Friday, November 30, 2007

Holy Varanasi


After being warned countless millions of times about what a vile and wretched place Varanasi is, I found out that everybody was wrong. Without a doubt, this ancient city is one of the most beautiful and amazing places on Earth.

After the long and trying train ride from Kolkatta, (which is known for it’s vileness and decay and I can not agree more), on a roach infested three tier coach, we were met at the station by the hotel clerk in order to avoid the so called ‘Varanasi shakedown’ of scandalous touts and potential thieving murderers. After zigzagging through the mad streets, breathing in the heavily polluted excuse for air, we were dropped off at the no vehicle zone with no porters to take us into the maze of the old city. We managed to pull our luggage through the tiny streets, avoiding the piles of sacred cow dung that dotted the path. When we reached the top of the stairs to Scindhia Ghat, I shook my head and said, “No More!” This is a land where porters are vying for your every rupee and the cost of hiring someone to carry the ugly American load down the steps is very small.
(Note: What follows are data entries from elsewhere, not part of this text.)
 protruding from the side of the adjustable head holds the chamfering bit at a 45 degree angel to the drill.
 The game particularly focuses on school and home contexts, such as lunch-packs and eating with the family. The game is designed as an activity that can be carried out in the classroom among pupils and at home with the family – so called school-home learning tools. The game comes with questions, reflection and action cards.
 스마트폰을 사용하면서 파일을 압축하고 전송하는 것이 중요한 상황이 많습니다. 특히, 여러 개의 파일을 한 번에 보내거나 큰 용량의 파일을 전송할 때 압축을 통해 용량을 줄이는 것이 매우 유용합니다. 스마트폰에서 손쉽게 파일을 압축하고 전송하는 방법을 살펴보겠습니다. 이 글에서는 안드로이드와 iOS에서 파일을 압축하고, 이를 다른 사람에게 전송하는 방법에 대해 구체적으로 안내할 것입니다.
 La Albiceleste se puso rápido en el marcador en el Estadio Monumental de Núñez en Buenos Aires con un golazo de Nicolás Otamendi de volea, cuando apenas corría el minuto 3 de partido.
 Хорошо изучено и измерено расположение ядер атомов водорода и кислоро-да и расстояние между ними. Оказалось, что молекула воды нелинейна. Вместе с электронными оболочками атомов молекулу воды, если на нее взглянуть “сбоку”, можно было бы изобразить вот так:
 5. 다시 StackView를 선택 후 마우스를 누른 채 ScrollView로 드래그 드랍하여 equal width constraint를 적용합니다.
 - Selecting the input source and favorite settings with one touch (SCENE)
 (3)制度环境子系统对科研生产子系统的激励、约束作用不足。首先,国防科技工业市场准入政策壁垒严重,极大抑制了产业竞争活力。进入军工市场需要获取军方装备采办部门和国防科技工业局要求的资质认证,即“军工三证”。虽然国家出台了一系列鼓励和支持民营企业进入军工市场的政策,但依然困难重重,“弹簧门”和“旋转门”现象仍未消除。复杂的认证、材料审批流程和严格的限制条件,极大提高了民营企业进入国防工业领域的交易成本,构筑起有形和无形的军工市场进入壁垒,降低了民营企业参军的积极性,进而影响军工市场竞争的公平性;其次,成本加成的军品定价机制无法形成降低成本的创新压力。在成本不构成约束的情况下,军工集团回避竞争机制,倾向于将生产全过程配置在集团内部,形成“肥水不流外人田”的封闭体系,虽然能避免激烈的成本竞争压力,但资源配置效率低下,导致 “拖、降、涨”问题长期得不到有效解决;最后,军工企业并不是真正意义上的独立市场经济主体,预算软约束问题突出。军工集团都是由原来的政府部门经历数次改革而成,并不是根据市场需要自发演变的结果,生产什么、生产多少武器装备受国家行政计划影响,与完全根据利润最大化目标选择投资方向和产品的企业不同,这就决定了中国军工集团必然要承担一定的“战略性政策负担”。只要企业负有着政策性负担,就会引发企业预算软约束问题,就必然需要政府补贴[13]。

But in India, that cost, say 50 rupees, is just about a hair less than the 55 rupee a day minimum wage. At the current exchange rate, it’s a fraction over a dollar. Never was a dollar better spent.

Up the tiny staircase and into the hotel room at Scindhia Guesthouse we plodded, through the room and out onto the balcony and then, (a chorus of Indian song accompanied by sacred bells) there it was, the sacred Ganges opened out into the mist and all sins became absolved in an instant. Boats dotted the river and nary a sound of an auto or motorcycle ensued because, praise Shiva, the vehicles are not allowed.

“This is the real India”, I said to my companion.

For two days I listened to the bells, I hung out and drank tea with sadhus, I walked the path along the ghats, I took a boat ride down the Ganges, I explored the tiny narrow streets which were shared by cows and a multitude of newly born puppies, I watched bodies being brought to the burning ghats and cremated, and I watched fishers fish for food and thousands of people take a daily bath of purification in the holy, horrifically polluted, sacred Mother Ganga.



A plea:

Indian Government are you listening? If you are, please take some of the country’s money (that has been unethically pilfered away into Swiss bank accounts) and build the badly needed sewage treatment plants that are needed to restore the Ganges to health. That is my request.

And while you are at it, please continue on the path of enlightenment and fix the water problems, roads, wiring and other basic infrastructure that are in such a sorry state of disrepair all over India. Oh, and as long as I’m asking please continue to demand education for the 800 million folks who are badly in need of some, who are obviously clever yet are not given the time of day by those in power. Give them medical facilities, and staff those facilities with doctors and nurses and medicine. Is that so much to ask considering how much money India is making these days?

Why India? Why do you have to be such a mess? You have such amazing potential, why should you be allowed to just crumble away into dust?